Material provided section start

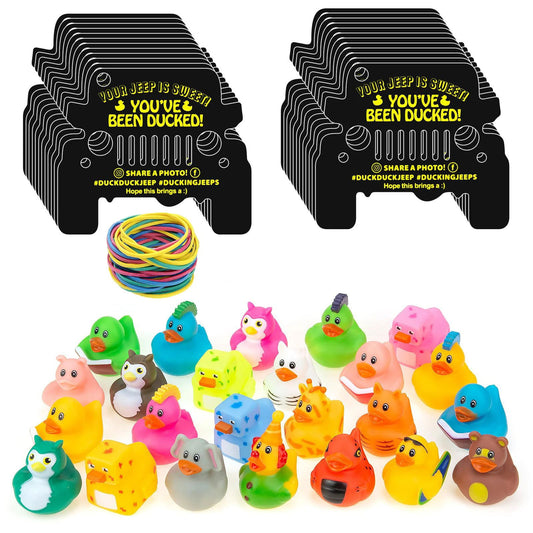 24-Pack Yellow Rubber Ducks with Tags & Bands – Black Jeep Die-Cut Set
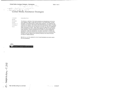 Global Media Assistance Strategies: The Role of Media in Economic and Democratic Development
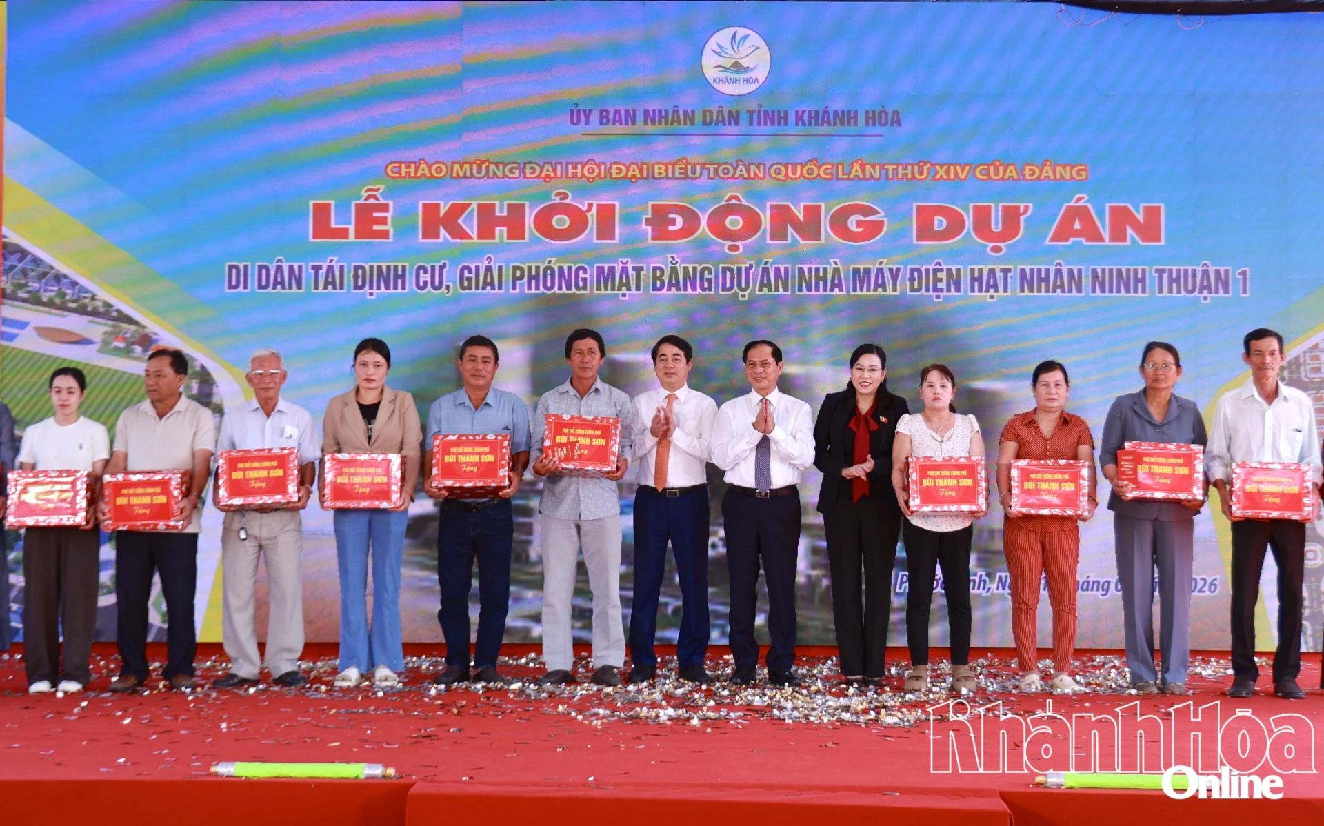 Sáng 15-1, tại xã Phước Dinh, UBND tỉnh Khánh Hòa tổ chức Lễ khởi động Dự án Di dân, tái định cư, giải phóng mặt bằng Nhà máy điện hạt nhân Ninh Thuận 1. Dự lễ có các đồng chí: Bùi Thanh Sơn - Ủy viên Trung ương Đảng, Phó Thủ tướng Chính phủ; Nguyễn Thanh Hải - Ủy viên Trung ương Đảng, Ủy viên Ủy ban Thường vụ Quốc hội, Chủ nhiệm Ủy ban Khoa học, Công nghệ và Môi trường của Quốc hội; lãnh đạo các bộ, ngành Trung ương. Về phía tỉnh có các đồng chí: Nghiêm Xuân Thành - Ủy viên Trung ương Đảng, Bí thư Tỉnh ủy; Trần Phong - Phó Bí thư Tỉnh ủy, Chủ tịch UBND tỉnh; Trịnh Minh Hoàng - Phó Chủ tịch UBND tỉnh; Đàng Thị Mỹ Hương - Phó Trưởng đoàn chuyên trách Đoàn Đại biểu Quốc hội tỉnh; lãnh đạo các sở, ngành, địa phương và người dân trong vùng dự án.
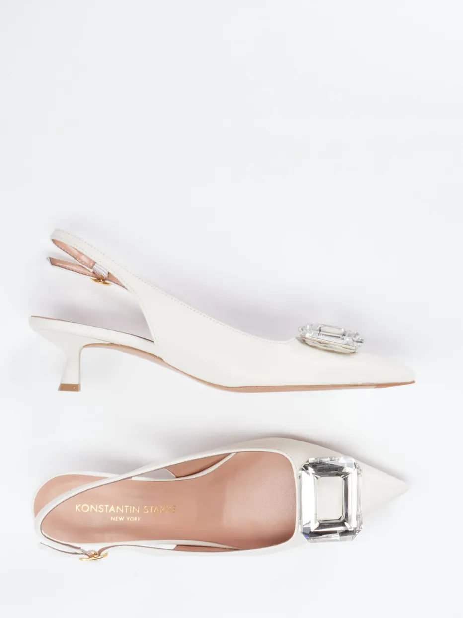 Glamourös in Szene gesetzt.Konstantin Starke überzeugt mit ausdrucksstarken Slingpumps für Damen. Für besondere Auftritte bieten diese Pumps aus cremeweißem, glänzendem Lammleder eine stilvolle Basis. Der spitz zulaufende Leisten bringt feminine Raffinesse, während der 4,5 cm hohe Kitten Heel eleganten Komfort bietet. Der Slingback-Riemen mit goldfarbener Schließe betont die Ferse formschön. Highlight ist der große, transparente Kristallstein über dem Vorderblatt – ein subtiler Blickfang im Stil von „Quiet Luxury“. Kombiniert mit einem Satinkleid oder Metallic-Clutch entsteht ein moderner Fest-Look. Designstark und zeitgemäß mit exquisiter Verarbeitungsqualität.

Material provided section end

» **Problem**: Give back the material above word for word; no picture belongs in it.

» **Solution for this task**:
 24-Pack Yellow Rubber Ducks with Tags & Bands – Black Jeep Die-Cut Set
 Global Media Assistance Strategies: The Role of Media in Economic and Democratic Development
 Sáng 15-1, tại xã Phước Dinh, UBND tỉnh Khánh Hòa tổ chức Lễ khởi động Dự án Di dân, tái định cư, giải phóng mặt bằng Nhà máy điện hạt nhân Ninh Thuận 1. Dự lễ có các đồng chí: Bùi Thanh Sơn - Ủy viên Trung ương Đảng, Phó Thủ tướng Chính phủ; Nguyễn Thanh Hải - Ủy viên Trung ương Đảng, Ủy viên Ủy ban Thường vụ Quốc hội, Chủ nhiệm Ủy ban Khoa học, Công nghệ và Môi trường của Quốc hội; lãnh đạo các bộ, ngành Trung ương. Về phía tỉnh có các đồng chí: Nghiêm Xuân Thành - Ủy viên Trung ương Đảng, Bí thư Tỉnh ủy; Trần Phong - Phó Bí thư Tỉnh ủy, Chủ tịch UBND tỉnh; Trịnh Minh Hoàng - Phó Chủ tịch UBND tỉnh; Đàng Thị Mỹ Hương - Phó Trưởng đoàn chuyên trách Đoàn Đại biểu Quốc hội tỉnh; lãnh đạo các sở, ngành, địa phương và người dân trong vùng dự án.
 Glamourös in Szene gesetzt.Konstantin Starke überzeugt mit ausdrucksstarken Slingpumps für Damen. Für besondere Auftritte bieten diese Pumps aus cremeweißem, glänzendem Lammleder eine stilvolle Basis. Der spitz zulaufende Leisten bringt feminine Raffinesse, während der 4,5 cm hohe Kitten Heel eleganten Komfort bietet. Der Slingback-Riemen mit goldfarbener Schließe betont die Ferse formschön. Highlight ist der große, transparente Kristallstein über dem Vorderblatt – ein subtiler Blickfang im Stil von „Quiet Luxury“. Kombiniert mit einem Satinkleid oder Metallic-Clutch entsteht ein moderner Fest-Look. Designstark und zeitgemäß mit exquisiter Verarbeitungsqualität.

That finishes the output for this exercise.